Once it was clear an invasion was coming, almost everyone thought Putin was going to win pretty quickly. The Ukrainians have outperformed expectations immensely, and the Russians underperformed. Unfortunately, that means a bloody quagmire for the indefinite future. (Which they judge better than being Putinized.)

The US military has not been very focused on countering a Russian land war for over 30 years. We are trying to focus on China after so much time in the Middle East. We let our traditional artillery production fall off too much during that time and rebuilding capacity doesn’t happen instantly.

You phrasing things as if we think “we’re invincible” is not even wrong. We, the United States of America, are not being threatened by Putin. We have never had more of a military advantage over Russia in century or more because Putin is burning up so much of his military in Ukraine. You’re simply assigning beliefs to the US national security apparatus with little bearing on reality. We spend an immense amount of money on the military, but no one was excited to spend that on artillery production capacity (old, boring) and not say an F-35 (new, exciting).

Russia invading its neighbors is a tale as old as time and the US is almost an irrelevant variable, except for the part where becoming a formal member of The West is an alternative and insurance policy for counties at risk of Putinization. Ukraine was moving towards the EU and Putin did not want that trend to succeed.

and didn’t cooperate with inspectors

He cooperated with inspectors when threatened with war, which made it rather awkward for the US when they wanted to invade regardless.

No one was thinking Putin was going to try to conquer Ukraine

But you are the one who said this is what Russia always does and that any other view is 'simply not justified by any understanding of Russian foreign policy for the last century'. How can it be stupidly obvious that Russia is this perennially imperialist power but nobody cottoned onto an invasion of Ukraine? That's exactly what they'd expect if they took their own model seriously!

Or, if they expected Ukraine to get crushed in three days, why would they not come to some kind of diplomatic solution before the war, where they agreed not to expand NATO into Ukraine? That's what Putin asked for and they refused.

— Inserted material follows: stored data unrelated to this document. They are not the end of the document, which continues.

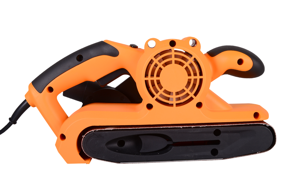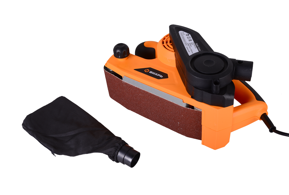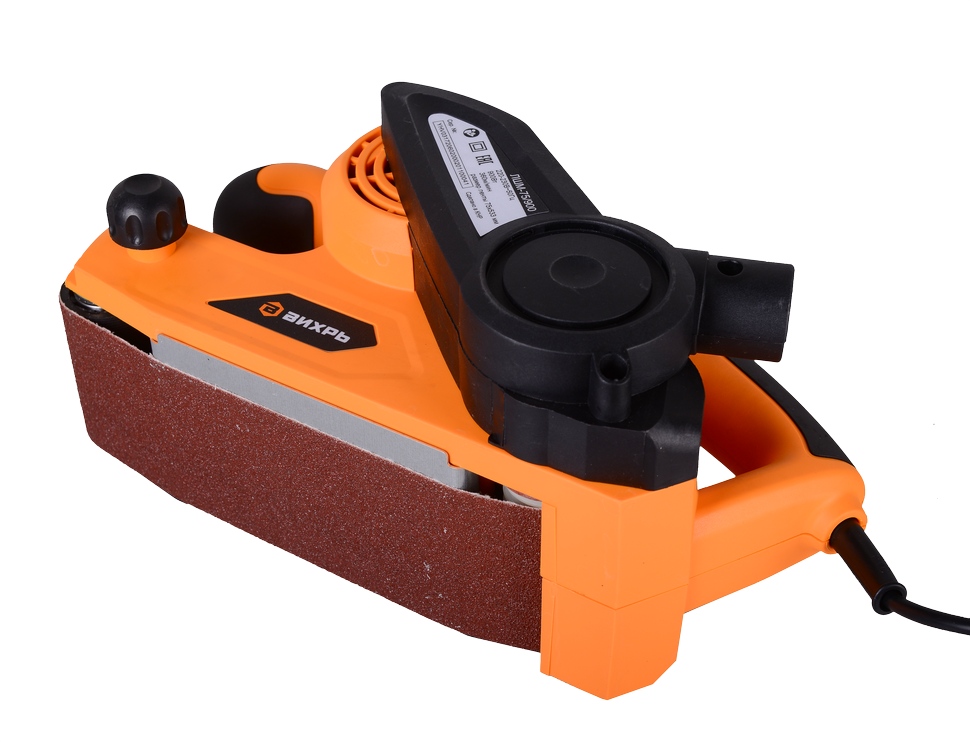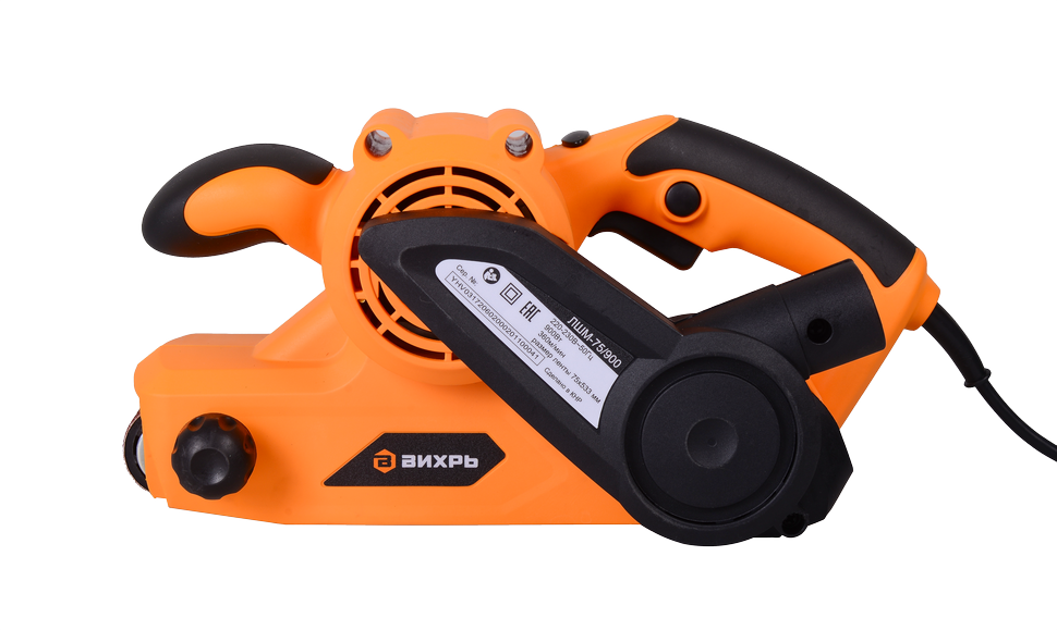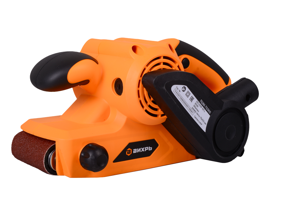 Ленточная шлифовальная машина ВИХРЬ ЛШМ-75/900 относится к классу инструмента с электрическим двигателем. Она состоит из корпуса, в основании которого находятся два ролика. На них надевается замкнутая лента с абразивной поверхностью. Один из роликов ведущий, второй служит для регулировки поперечного положения ленты. За счёт вращения ленты на большой скорости и движения инструмента по заготовке происходит снятие верхнего слоя материала.
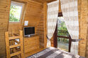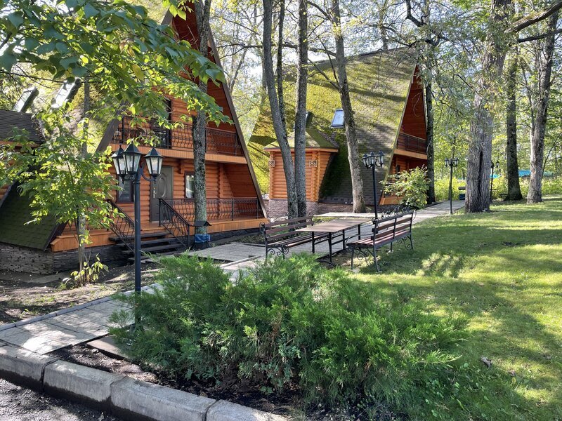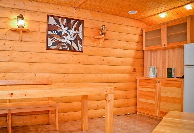 В «Лесной сказке» представлены деревянные домики различной вместимости, оборудованные всем необходимым для комфортного проживания. Каждый домик имеет свою собственную ванную комнату с душевой кабиной, феном и косметическими принадлежностями.
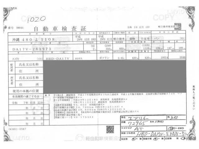 Номер кузоваDA17V
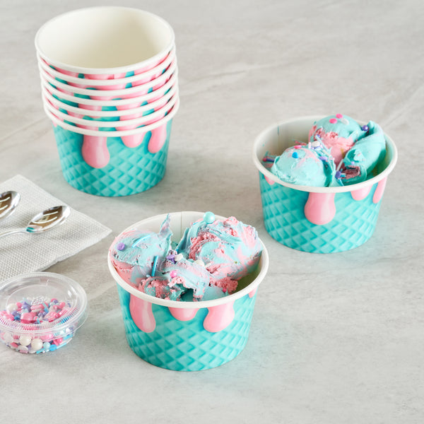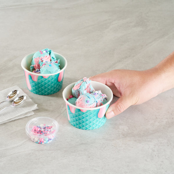 Enhance your beverage presentation with vibrant style. The Coppetta Leak-Resistant 8 oz Paper Cup captivates with its eye-catching bubblegum splash design, instantly elevating the appeal of your drinks. This 8 oz paper cup is expertly crafted from durable paper, featuring a double-coated design that prevents leaks and spills, ensuring a mess-free experience. Perfect for both hot and cold applications, this ice cream cup is freezer-safe and ideal for serving delightful ice cream sundaes or comforting hot soups, thanks to its hot food-friendly construction. Measuring 3.82 inches in length, it is compatible with standard 8 oz cup lids, providing a secure closure for safe transport. Embrace sustainable practices with its eco-friendly materials, making it a valuable addition to any cafe or catering event. Elevate your foodservice offerings with this versatile hot cup. Each order includes 50 Coppetta Leak-Resistant 8 oz Paper Cups.
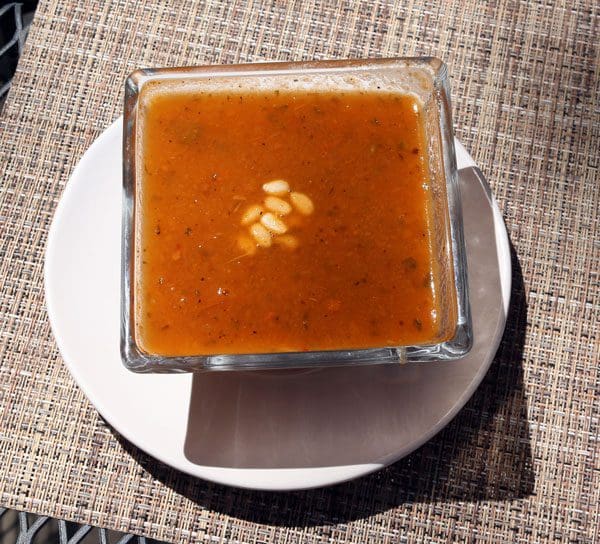 14 April 2018: The Food Network’s Barefoot Contessa, Ina Garten calls grilled cheese and tomato soup “the ultimate comfort meal.” She certainly wasn’t talking about Campbell’s condensed tomato soup which goes better on Andy Warhol’s 1968 painting than it does on any kitchen table. She was talking about the delicious cure-all for whatever ails you, a tomato soup with the flavor of vine-ripened tomatoes. A great tomato soup embraces you like a warm hug. A superior tomato soup also includes basil, an invigorating, fragrant variety that lends oomph to any Italian dish. Torinos’ tomato basil soup is studded with pinon which lends just a bit of piny freshness. This soup takes the chill out of winter.

Mearsheimer put the pieces together and said 'if we proceed down the NATO expansion road with Ukraine then the Russians will wreck the country so we should just do nothing' back in 2014, his foresight is unmatched. But nobody bothers to listen to Mearsheimer, despite being correct on all the issues. He even foresaw that the Russians would struggle to take the whole country. Yet he's routinely derided and ignored by the whole security establishment because he doesn't want to get into these dangerous, expensive conflicts.

don’t pretend the West caused Putin to regress to the USSR/imperial mean.

We can't go around undermining and dissecting Russia's friends, be seen installing new anti-Russian regimes on Russia's borders, fabricate stories about Russian election interference and not make enemies with Russia. That's just not how it works.

Ukraine was moving towards the EU and Putin did not want that trend to succeed.

Prior to the coup, Ukraine was moving towards Russia.